When it comes to compliance and regulatory reporting, AI can automate the prep and submission of reports by grabbing and formatting data as needed. It can also keep an eye on compliance by analyzing documents and flagging potential issues.

Improved Customer Experience 

AI-powered chatbots and virtual assistants can take care of customer questions, give quick answers to common questions, and pass on trickier problems to human agents.
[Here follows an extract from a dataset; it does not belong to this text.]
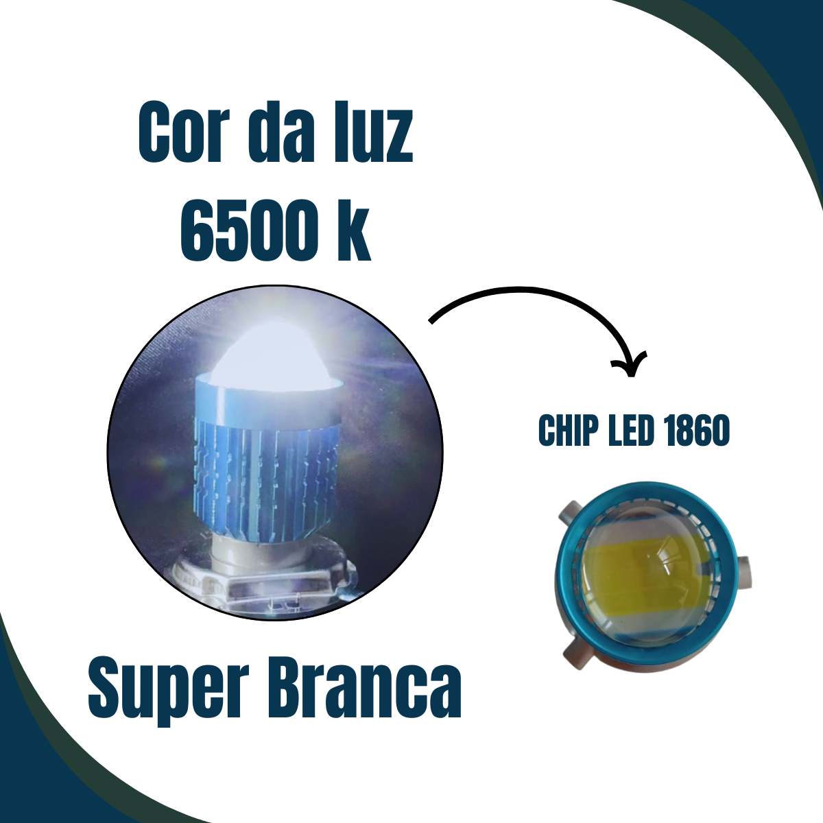 Luz super branca 6500K para máxima visibilidade
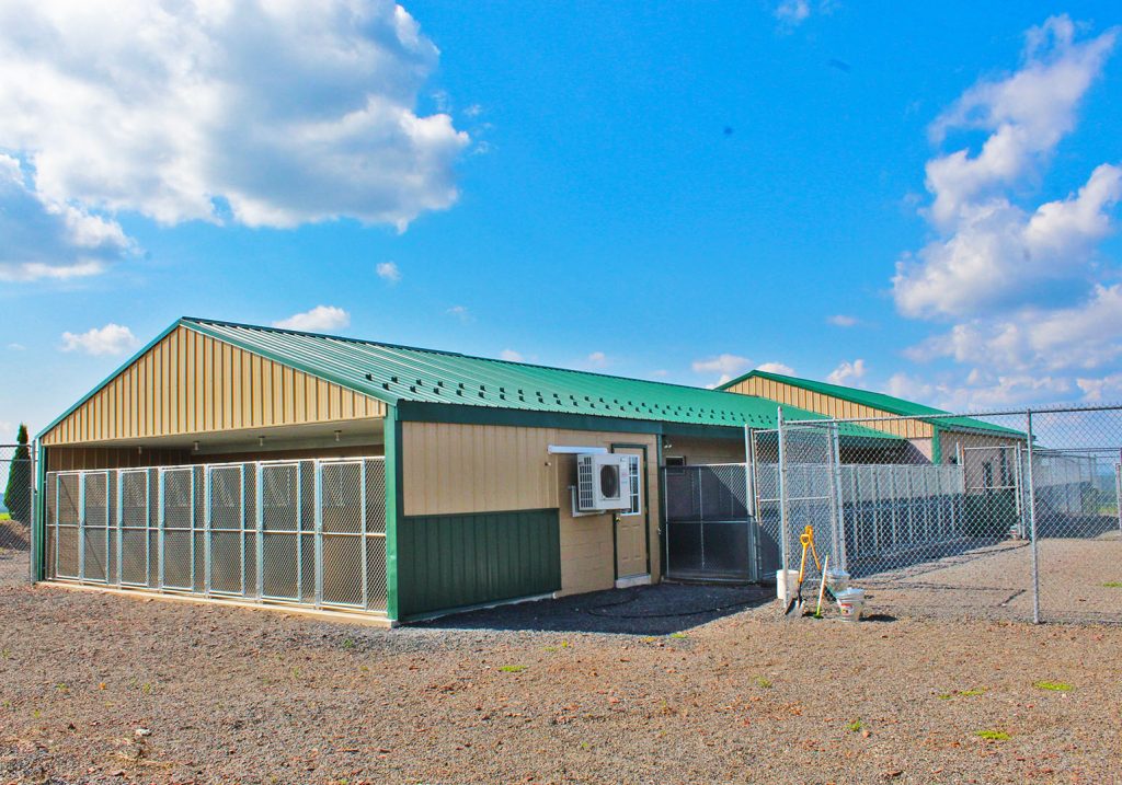 On the exterior we have 5 large fenced in paddocks to allow for proper exercise. Each paddock is cleaned regularly with our hospital grade disinfectant.Our dog hotel boasts large, pacious suites built to accommodate any dog’s size or special needs. Generous rooms allow plenty of space for family members to be placed together if desired. Each suite has indoor/outdoor access which allow dogs to come and go as they please. For total coziness, rooms also have a radiant heat and cooling system in the flooring. All outdoor runs are located under roof with built in fans that account for warmer weather.

This means customers can get help anytime, day or night, and get faster responses. These tools use NLP and generative AI to understand and respond to customer needs effectively.

Personalized support and recommendations can be given based on customer usage patterns and preferences, which are found through machine learning algorithms.

Smarter sales and marketing 

AI is a game-changer for sales and marketing. It can help you create personalized marketing campaigns that really speak to each customer. By analyzing customer data, AI can figure out what products or services they're most likely to be interested in. 

This means more sales and fewer customers leaving for your competitors. Plus, generative AI can even write personalized marketing copy for you!

AI can also help you score leads and figure out which ones are most likely to convert. This saves your sales team a ton of time and lets them focus on the hottest prospects. 

With predictive analytics, you can even predict which customers are likely to churn, so you can take action to keep them on board.

Optimized Product Development 

GenAI's ability to write code accelerates the new product development and simplifies the process of updating existing systems. It helps in the modernization of legacy systems and speeds up product development. 

Additionally, predictive maintenance uses data analysis to anticipate and address potential issues within SaaS infrastructure, thereby preventing service disruptions and ensuring uninterrupted product availability. 

Moreover, machine learning algorithms play a crucial role in SaaS cybersecurity by identifying any unusual or fraudulent activity. This enables the timely detection and mitigation of threats and unauthorized access attempts, safeguarding both the product and user data.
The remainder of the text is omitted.